Zwei Soldaten im Feldanzug und mit Warnweste stehen vor einem Verwaltungsgebäude des Nürnberger Flughafens.

Abfertiger am Flughafen Nürnberg: Ralle und Chris beginnen ihren besonderen Dienst. Die Soldaten gehören zum Regionalstab Territoriale Aufgaben der Bundeswehr Nord.

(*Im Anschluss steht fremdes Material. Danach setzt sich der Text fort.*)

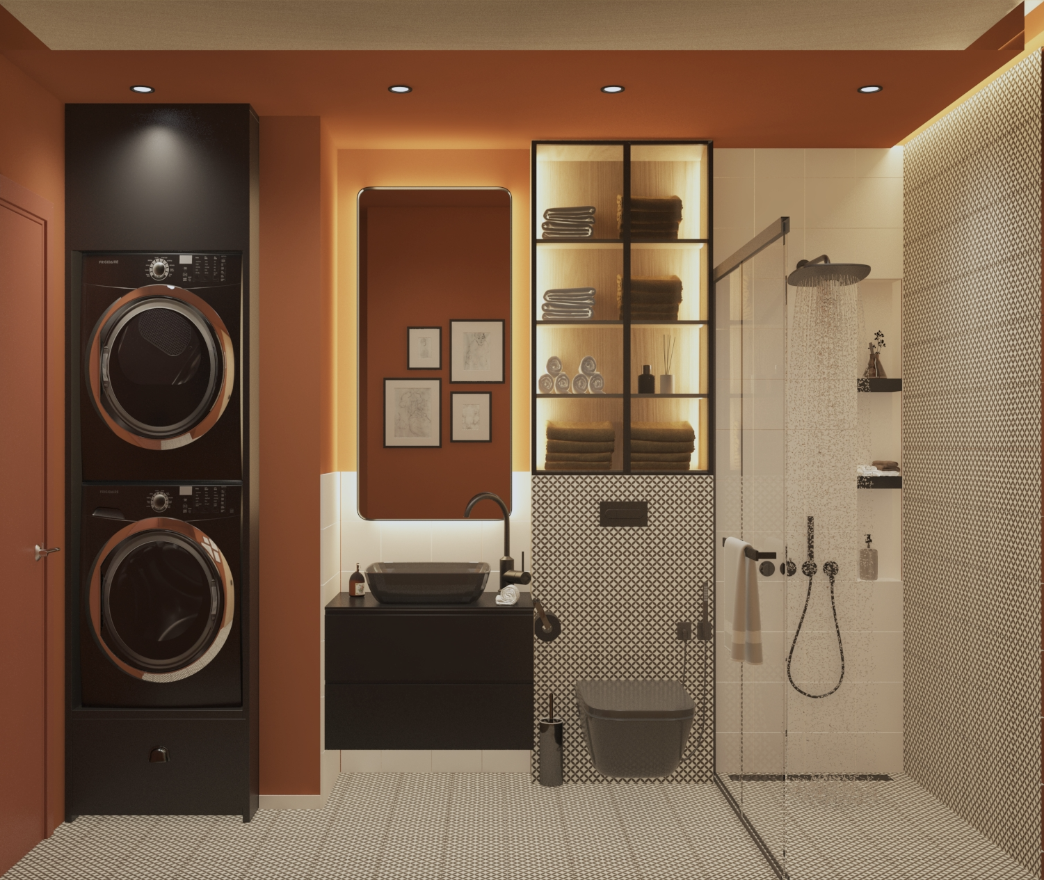 ultra realistic architectural interior photography natural global illumination soft indirect lighting bouncing from walls and floor physically accurate light behavior subtle ambient occlusion in corners balanced exposure like a professional interior photo warm led accent lighting in shelves and behind mirror realistically glowing and illuminating nearby surfaces soft falloff of light slightly darker corners for depth natural shadow gradients realistic materials with micro imperfections slightly rough matte paint walls subtle texture on tiles realistic reflections on glass shower panels brushed metal fixtures natural stone sink with fine surface detail photographed with full frame camera 35mm lens f 5 6 iso 200 hdr interior photography cinematic dynamic range realistic contrast natural color grading no cgi look no overexposed highlights soft bloom from lights high end interior photography ultra detailed photorealistic rendering

Bundeswehr/Felicia Englmann

Den Schlüssel abholen, das große Tor öffnen, die Lounge kontrollieren – und dann erstmal warten. So beginnt ein Flughafendienst für Stabsfeldwebel Ralle und Hauptfeldwebel Chris. Jeder kennt sie nur unter diesen Spitznamen. An diesem Tag kommt ein A400M der Luftwaffe mit Soldatinnen und Soldaten an Bord, die nach sieben Monaten Einsatz im Kosovo nach Hause kommen. 26 von ihnen steigen in Nürnberg aus, die anderen fliegen weiter nach Wunstorf. Die Feldwebel vom Regionalstab für Territoriale Aufgaben der Bundeswehr Nord, einer Einheit des Landeskommando Bayern, fertigen am zivilen Flughafen Nürnberg militärische Flüge ab. „Keine große Sache“, sagen beide bescheiden, aber für die Kameradinnen und Kameraden, die aus dem Einsatz kommen und in den Einsatz gehen, für die Abholer und Angehörigen sind die Abfertiger mit die wichtigsten Menschen am Flughafen.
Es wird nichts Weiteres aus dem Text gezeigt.